**Task instructions**
Repeat exactly the stretch of lines that starts with the one containing "Aby zrobić z" and ends with the last line of the material. Leave out pictures.

**Records for the exercise**

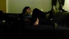 Esse homem transexual está relaxando em casa num momento de prazer solo. Depois de enfiar um bom dildo em sua bunda gorda, ele se senta para bater punheta!
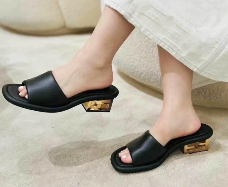 Fendi 優雅小羊皮鞋跟FF拖鞋
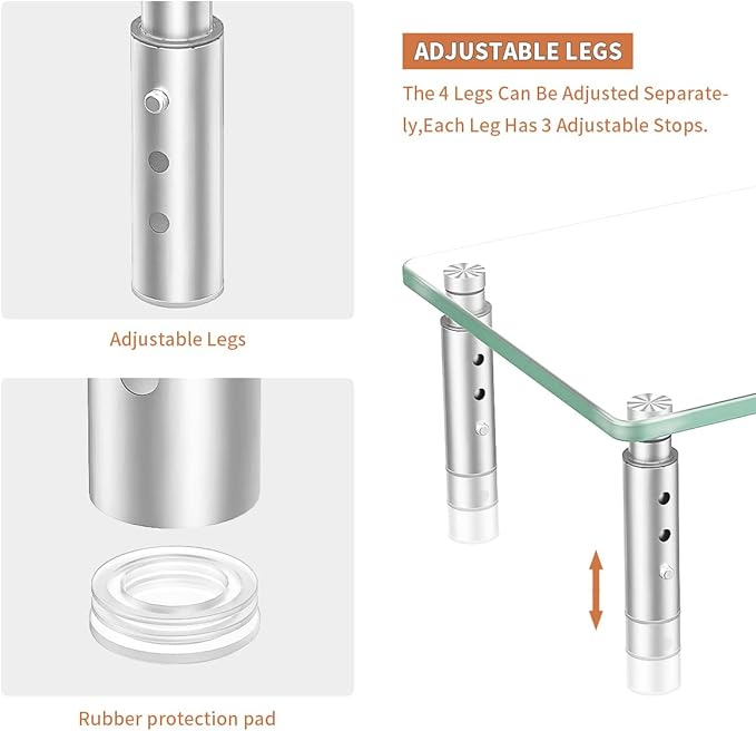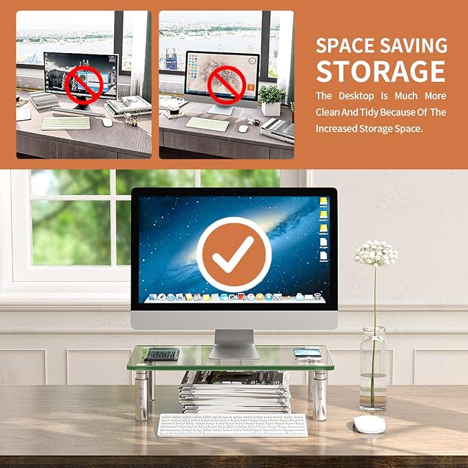- SMART DESIGN: The monitor riser is made of tempered glass and stainless steel legs to make your desktop clean and tidy
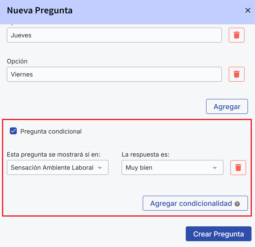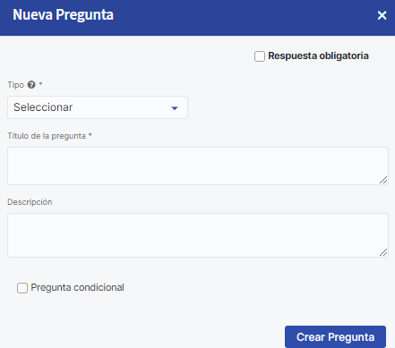 What types of questions can I use in a free survey?At the end you can define whether the question is conditional. This feature allows deeper customization of forms based on participants' answers. When activating it, you must select the question and the answer conditions that must be met for the conditional question to appear. In the list you will find the single-selection questions available to use, as well as the response that must be given for the conditional question to be shown.
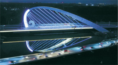 王家擺特大橋?yàn)橹骺?64.5米的空間異形鋼拱橋,采用抱翅型拱梁組合體系,由鋼主梁、斜拉索及“Λ”型鋼拱肋三部分組成,其中主梁高2.5米,全寬49.5米,總長(zhǎng)256米,由160塊總重達(dá)7700噸的鋼箱梁組成;主橋“如意”造型拱肋由24塊單塊重達(dá)200噸的節(jié)段組成,將如意的古典華美和運(yùn)河之水的奔流涌動(dòng)之態(tài)實(shí)現(xiàn)完美融合。
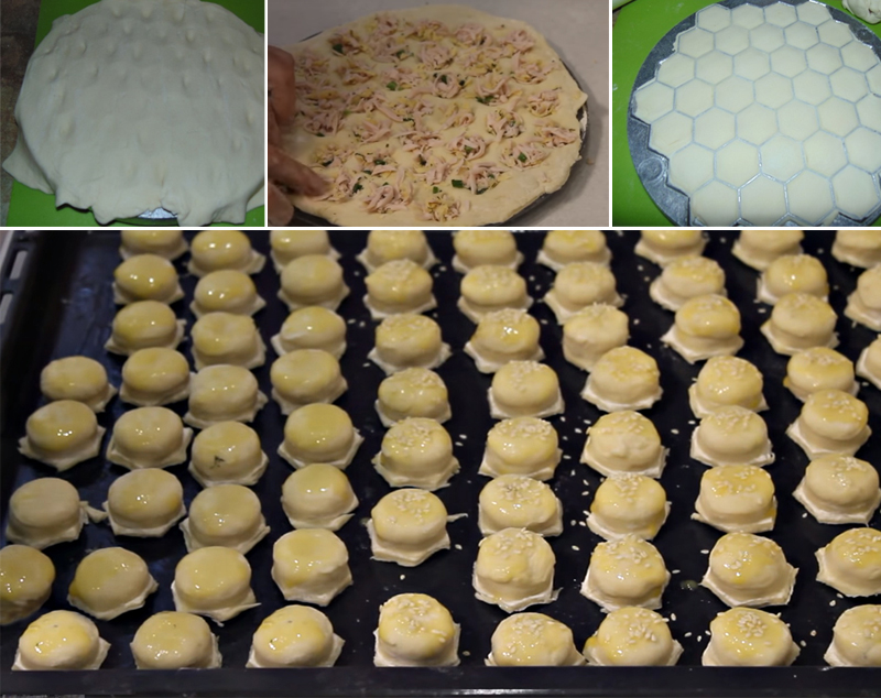 Aby zrobić z ciasta małe bułeczki możemy użyć foremki na lody czy na ciastka. Można także wykorzystać specjalną formę do ciasta z małymi oczkami przypominającą plaster miodu. Ciasto dzielimy na cztery części. Każdą z nich wałkujemy na grubość około 2-2,5 milimetra.
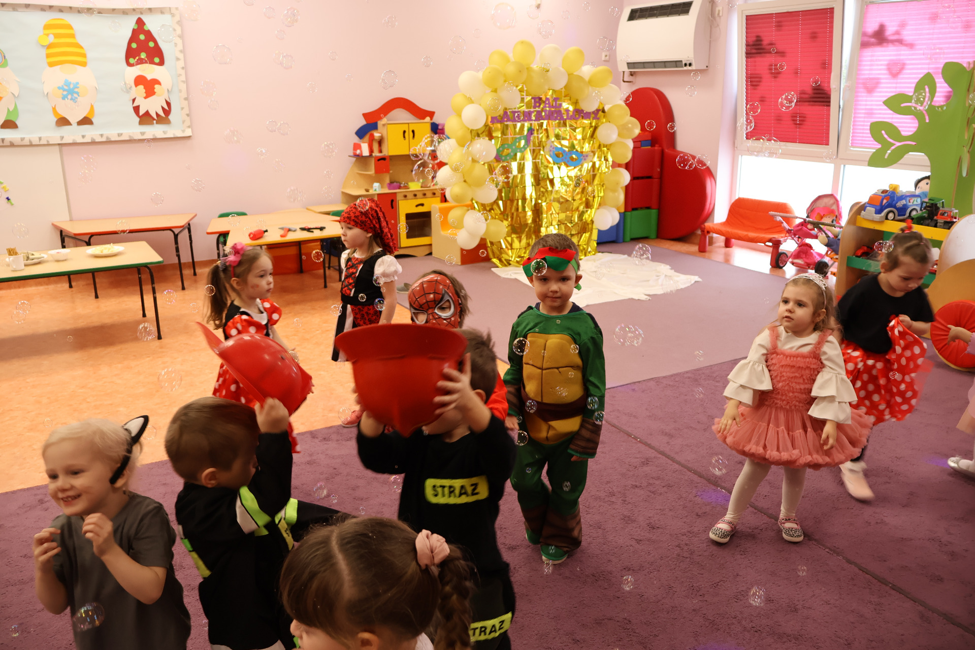 Karnawał to czas balów i tanecznych szaleństw,którym towarzyszy muzyka i zabawa. Grupa Krasnali również miały okazję wspólnie zintegrować się na balu. Dzieci tego dnia miały okazję przebrać się za różne postacie z bajek i nie tylko. Na balu można było spotkać: wróżki, księżniczki, motylki,strażaków, Spider – mana i wiele innych postaci. Przedszkolaki świetnie bawiły się w rytm muzyki porywającej do tańca. Bajkowa atmosfera na długo pozostanie w pamięci naszych Krasnali:)
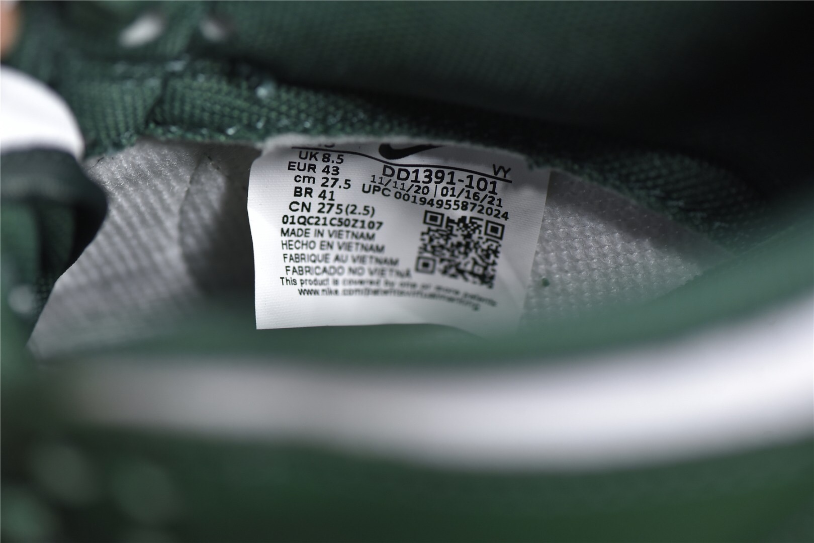 The Dunk Low Spartan Green DD1391-101 combines a Spartan Green colorway with premium leather materials for a classic and timeless look. This sneaker features Nike branding, a padded tongue and collar, traditional foam midsole, and a durable rubber outsole for comfort and everyday wear.
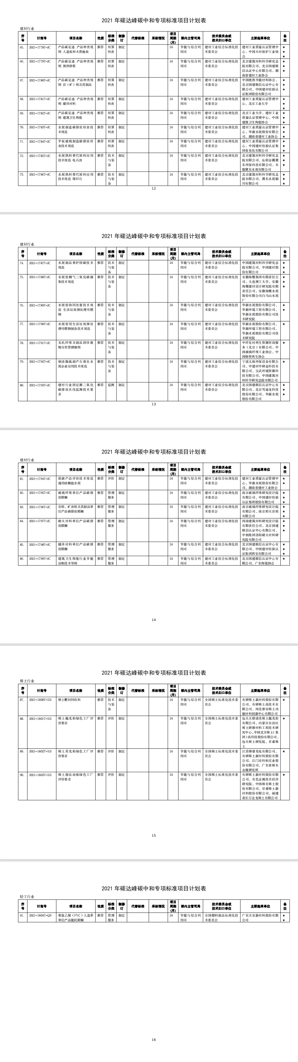 為發(fā)揮標(biāo)準(zhǔn)在推進(jìn)工業(yè)領(lǐng)域碳達(dá)峰碳中和工作的引領(lǐng)和規(guī)范作用,我部編制完成了2021年碳達(dá)峰碳中和專(zhuān)項(xiàng)行業(yè)標(biāo)準(zhǔn)制修訂項(xiàng)目計(jì)劃?,F(xiàn)印發(fā)給你們,請(qǐng)認(rèn)真組織落實(shí)。有關(guān)事項(xiàng)通知如下:

**Answer section**
 Aby zrobić z ciasta małe bułeczki możemy użyć foremki na lody czy na ciastka. Można także wykorzystać specjalną formę do ciasta z małymi oczkami przypominającą plaster miodu. Ciasto dzielimy na cztery części. Każdą z nich wałkujemy na grubość około 2-2,5 milimetra.
 Karnawał to czas balów i tanecznych szaleństw,którym towarzyszy muzyka i zabawa. Grupa Krasnali również miały okazję wspólnie zintegrować się na balu. Dzieci tego dnia miały okazję przebrać się za różne postacie z bajek i nie tylko. Na balu można było spotkać: wróżki, księżniczki, motylki,strażaków, Spider – mana i wiele innych postaci. Przedszkolaki świetnie bawiły się w rytm muzyki porywającej do tańca. Bajkowa atmosfera na długo pozostanie w pamięci naszych Krasnali:)
 The Dunk Low Spartan Green DD1391-101 combines a Spartan Green colorway with premium leather materials for a classic and timeless look. This sneaker features Nike branding, a padded tongue and collar, traditional foam midsole, and a durable rubber outsole for comfort and everyday wear.
 為發(fā)揮標(biāo)準(zhǔn)在推進(jìn)工業(yè)領(lǐng)域碳達(dá)峰碳中和工作的引領(lǐng)和規(guī)范作用,我部編制完成了2021年碳達(dá)峰碳中和專(zhuān)項(xiàng)行業(yè)標(biāo)準(zhǔn)制修訂項(xiàng)目計(jì)劃?,F(xiàn)印發(fā)給你們,請(qǐng)認(rèn)真組織落實(shí)。有關(guān)事項(xiàng)通知如下:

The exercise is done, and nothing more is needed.